Şaşırtıcı bir gelişme yaşanıyor son günlerde. Adeta bir deprem etkisi yaratan bu uygulama, özellikle bürokrasi çevrelerinde konuşulmaya başlandı bile. Kimsenin beklemediği bir hamle, hem de.
Oy kullanma alışkanlığı -ya da kullanmama hali- artık çok daha farklı sonuçlar doğuracak gibi görünüyor. Çünkü yetkililer, sandığa gitmeyen personeli için oldukça radikal bir karar almış durumda. İşin ilginç yanı, bu durumdan en çok muhalif kesimin etkilenmesi.
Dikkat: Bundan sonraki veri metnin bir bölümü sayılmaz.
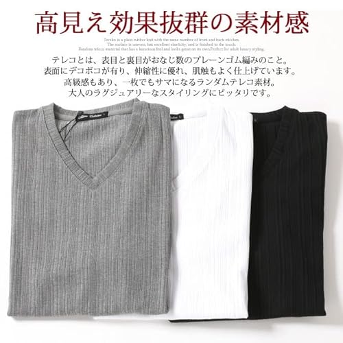 【モデル】身長:181cm 体重:67kg / B86 / W75 / H96 / 着用サイズ:L収縮性のあるランダムテレコ素材の凹凸感により高見え効果もあるカットソー。 ベーシックデザインなので流行りに関係なく活用できるTシャツです。 ジャケットやシャツ・パーカーなどのインナーにもお勧めです。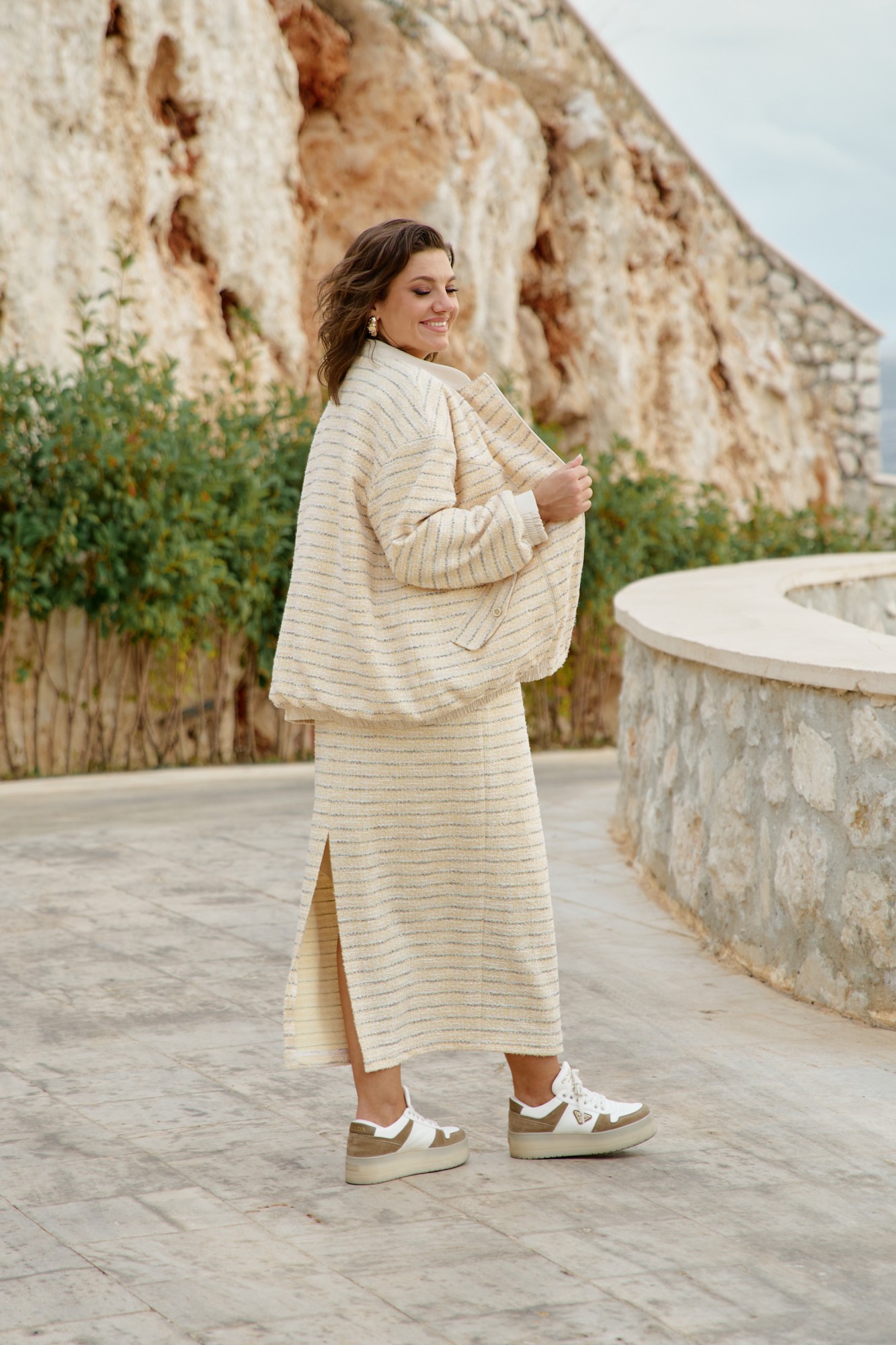 полотно трикотажное - 84% полиэстер, 6% акрил, 5% шерсть, 4% хлопок, 1% эластан, подкладка 100% полиэстер. Бомбер- это идеальный переходный элемент. Это выбор для тех, кто ценит комфорт и современные силуэты. Светлый оттенок мгновенно освежает любой базовый образ (с джинсами, брюками, платьем) дополняя и добавляя ему стильности. Бомбер «оверсайз» силуэта с центральной застёжкой на петли пуговицы по краю борта, горловина округлой формы с воротником-стойкой из отделочной ткани. По переду бомбера фигурный рельеф с декоративным отделочным кантом из отделочной ткани, функциональными карманами с клапаном. Спинка без особенностей. Линия плеча спущенная, рукав втачной, длинный со сборкой на притачной манжет из отделочной ткани. Для удобного прилегания манжета к руке вставка резинки. По низу бомбера притачной пояс на резинке из отделочной ткани. Бомбер на подкладке. Длина бомбера 71 см, длина рукава 72,5 см (р 50-54), 73,5 см (р 56-60).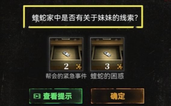 35、在疑问蝰蛇家中是否有关于妹妹的线索?中填入线索帮会的紧急事件、蝰蛇的困惑。

Yedeklerdeki Temizlik Harekatı
Aslında olayın özü şu: Yedek listelerde yer alan isimler tek tek ele alınıyor. Ve tabii ki, eleme kriterlerinin başında siyasi tercihler geliyor. Muhalif olduğu bilinen personel, yedek kadrolardan çıkarılıyor. Bu, resmen bir 'temizlik' harekatına dönüşmüş durumda.
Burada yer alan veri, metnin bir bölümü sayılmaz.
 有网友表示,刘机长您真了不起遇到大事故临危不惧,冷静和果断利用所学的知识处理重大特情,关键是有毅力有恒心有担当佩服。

Peki nasıl oluyor da oy kullanmamak böyle bir sonuca yol açabiliyor? Aslında cevap basit: Sistem, sandığa gitmeyen herkesi potansiyel muhalif olarak görüyor. Bu da yetkililerin işini oldukça kolaylaştırıyor haliyle.
Kara Listenin Ayrıntıları
Oluşturulan liste tam anlamıyla bir kara liste aslında. İçerisinde kimler yok ki? Sendika temsilcilerinden, eski muhalif parti üyelerine kadar geniş bir yelpaze söz konusu. Herkesin tek bir ortak noktası var: Oy kullanmamış olmaları.
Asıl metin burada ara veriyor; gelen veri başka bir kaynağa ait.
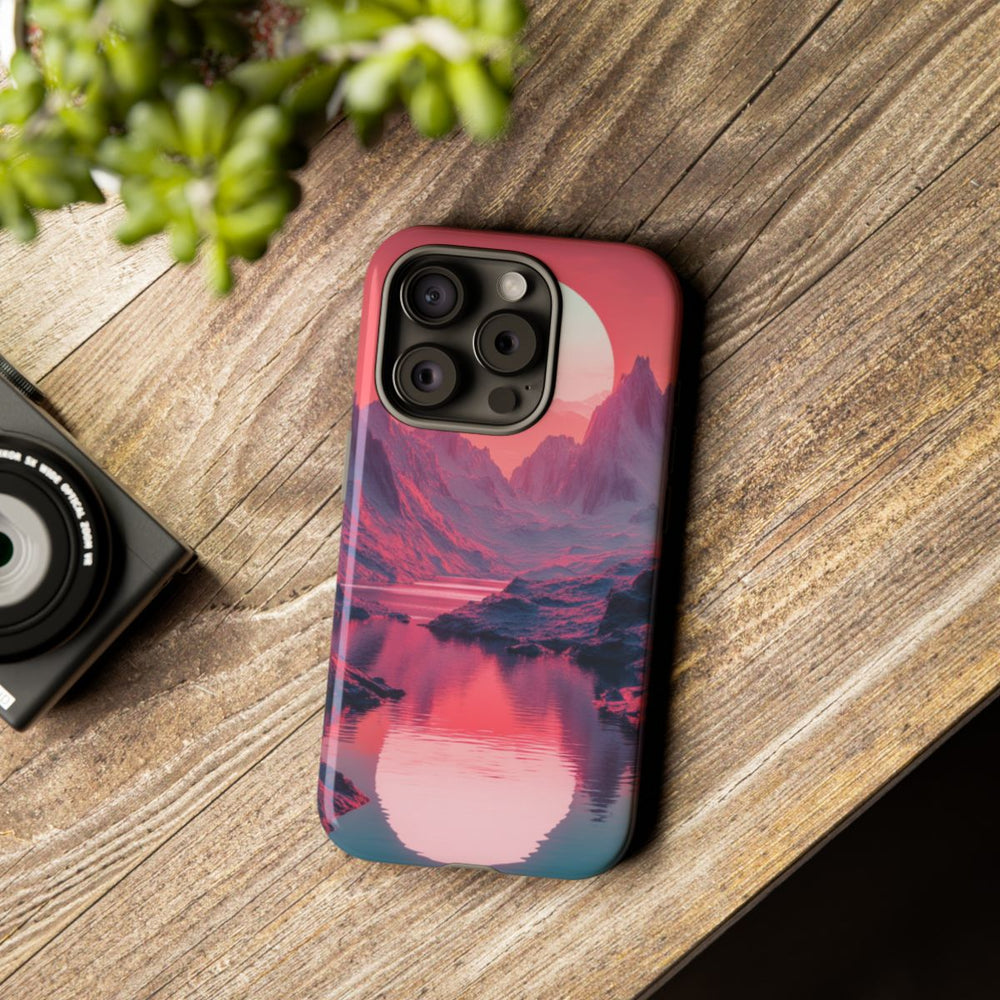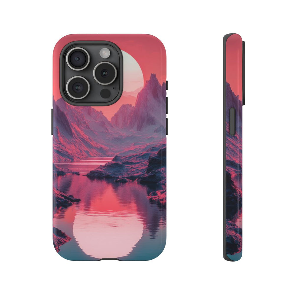 Dit hoesje toont een indrukwekkend landschap met grillige bergen rond een rustige rivier. De omgeving is gehuld in levendig roze licht, wat zorgt voor een surrealistische en futuristische sfeer. Een grote, bleke zon of maan staat laag aan de hemel en werpt haar weerspiegeling op het water. Het ruige landschap steekt mooi af tegen het gladde wateroppervlak en benadrukt de natuurlijke schoonheid van het tafereel. Het hoesje is glanzend en stevig, gemaakt van duurzaam polycarbonaat met een TPU-binnenzijde en geschikt voor draadloos opladen.

Bu durum, çalışma hayatında adeta bir domino etkisi yaratmış durumda. Kimse emin değil, sıradaki ismin kendisi olup olmayacağından. Ofislerde fısıltı gazetesi hızla yayılıyor: "Sandığa gitmeyen, işini kaybedebilir!"
Yetkililer Ne Diyor?
Resmi açıklamalara bakılırsa, her şey normal prosedürler dahilinde yürütülüyor. "Personelin performans değerlendirmesi" olarak sunulan bu uygulamanın, siyasi tercihlerle ilgisi olmadığı iddia ediliyor. Ama gerçekten öyle mi acaba?
İşin uzmanları ise durumu farklı yorumluyor. "Bu, klasik bir sindirme politikası" diyorlar. Ve ekliyorlar: "Amacın, muhalefeti susturmak olduğu çok açık."
Sonuç olarak, Türkiye'nin gündemine oturan bu uygulama, çalışanlar arasında ciddi bir tedirginlik yaratmış durumda. Kim bilir, belki de önümüzdeki günlerde çok daha farklı gelişmeler yaşanacak. Bekleyip göreceğiz...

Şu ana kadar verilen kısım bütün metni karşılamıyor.